Op-Eds
Charles Rangel, Congressman, 15th District

FOR IMMEDIATE RELEASE:
August 16, 2007
Contact: Emile Milne | Elbert Garcia
(202) 225-4365 | 212-663-3900

DRAFT OR NO DRAFT, IT’S TIME TO GET OUT OF IRAQ

Lt. Gen. Douglas Luter must have missed his White House orientation. How else do you explain President Bush’s military czar for Iraq and Afghanistan and his earnest remarks on NPR’s ‘All Things Considered’? How else do you explain his agreement with what I and many have been saying for years? That our current military, albeit the best trained in the world, is being so overstretched that we may have to consider bringing back a draft just to ensure that we continue to have enough well-rested personnel to fill our ranks.

Honesty has never been this administration’s strongest suit.

Of course, you don’t have to look at the polls anytime to know that this is as close to a political impossibility as you can get in Washington. The White House knows that if the majority of American families were forced to send their children in harm’s way, our military men and women would be on the first flight home. The outcry for their return would ring louder than ever in every corner of this country, from the soccer fields to college campuses to the Wall Street boardrooms.

Yet the cruel irony is that this so called ‘all-volunteer’ fighting force is already being fueled by a daft. It’s an economic one that lures minorities, women and poor whites in rural and urban areas with lucrative signing bonuses of up to in some cases $40,000. Just ask the non-partisan Congressional Budget Office. Agreeing with earlier, non-governmental and Defense Department studies of representation in the military by various economic groups, the CBO released a report this past July that concluded that "areas in the low-to-middle range of household incomes were overrepresented" in the military compared to their representation in the general population.
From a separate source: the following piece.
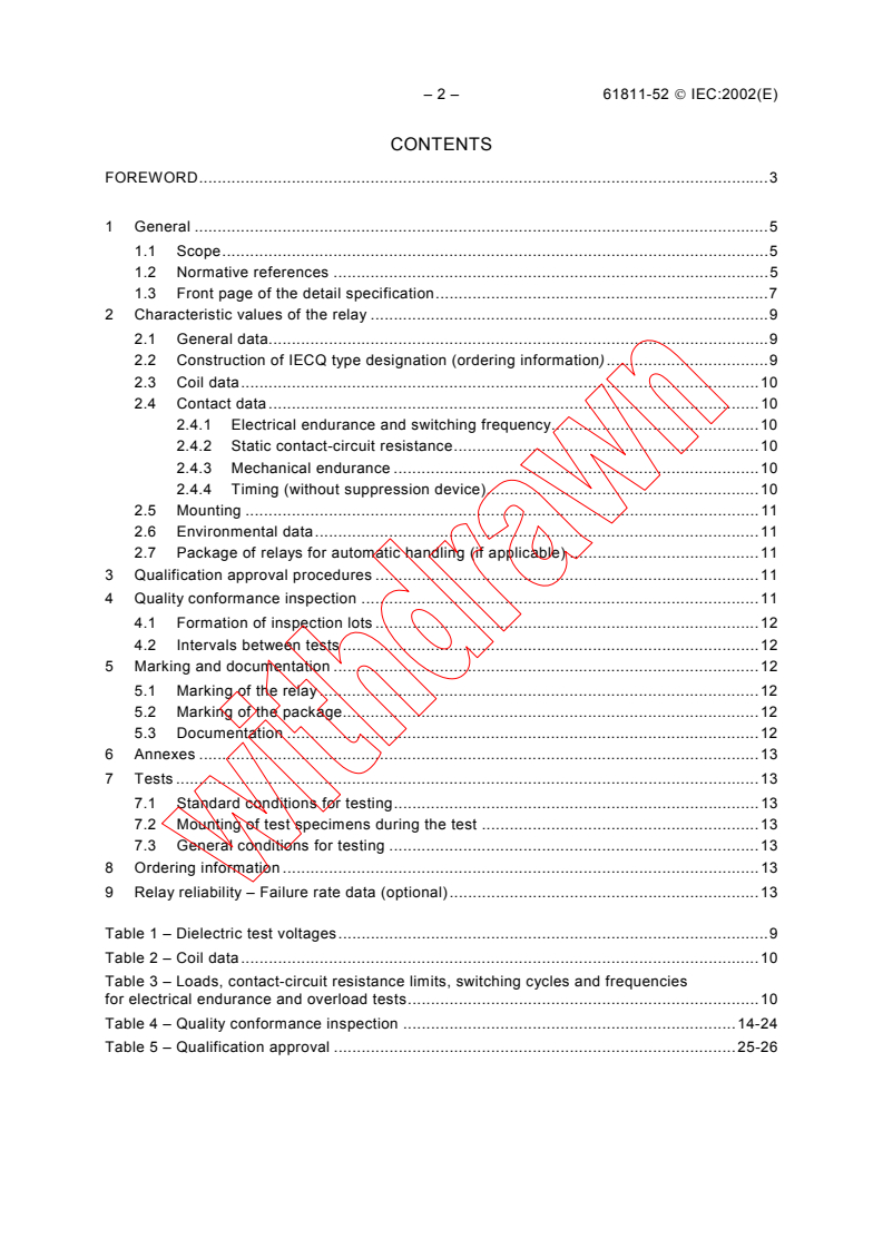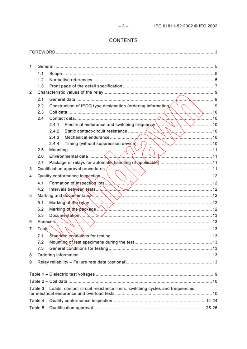 IEC 61811-52:2002 Is a blank detail specification applicable to electromechanical all-or-nothing telecom relays of assessed quality. Selects the appropriate methods of test to be used in detail specifications and contains basic test schedules to be used in the preparation of such specifications.

Unfortunately, no amount of money has been able to make up for the fact that even with the military constantly changing their yearly goals, recruitment numbers for the last two years are still down, especially in the Army. The reality is that the only Americans making a sacrifice in this war are the troops and their loved ones. They are the ones that have to make additional arrangements to pay the bills and have food on the table. They are the ones that have to find a way to explain to children why mommy or daddy or both are not home and why they may never come back.

Instead of dealing with solid facts, our President wants us to blindly have faith in him. To ignore the daily reports or the plethora of retired four star generals and believe that his surge – the one powered by extending the Army tour of duty from 12-15 months, the one that are redeploying National Guard and other military units four or five times – is working.

But blind faith is not going to bring back young heroes like Juan Alcántara, a 22 year old resident of my Congressional district who was killed last week in Iraq. He would have been home, seeing the first steps of his one month old daughter Jayleni Marie if his tour had not been extended from to October. He would have had the chance to fulfill his dreams of becoming a citizen, getting involved in law enforcement and taking the necessary steps to make a better life for his family. His family and his country will now never know the great heights that would have achieved. Not know if he, like another fellow member of the 2nd Infantry out of Ft. Lewis, Washington, could have risen from the neighborhood to become Chairman of the powerful House Ways and Means Committee.

Those dreams are now dashed because of a war that we should have never gotten involved in the first place. A war that we must find a way to end before our own reckless policies push these fine men and women beyond their breaking point. Doing that would not only be dangerous to our country and to the security of the world. It would also be morally wrong to that small group of patriotic Americans that are on the frontlines, making sure that the liberty we hold today means something tomorrow.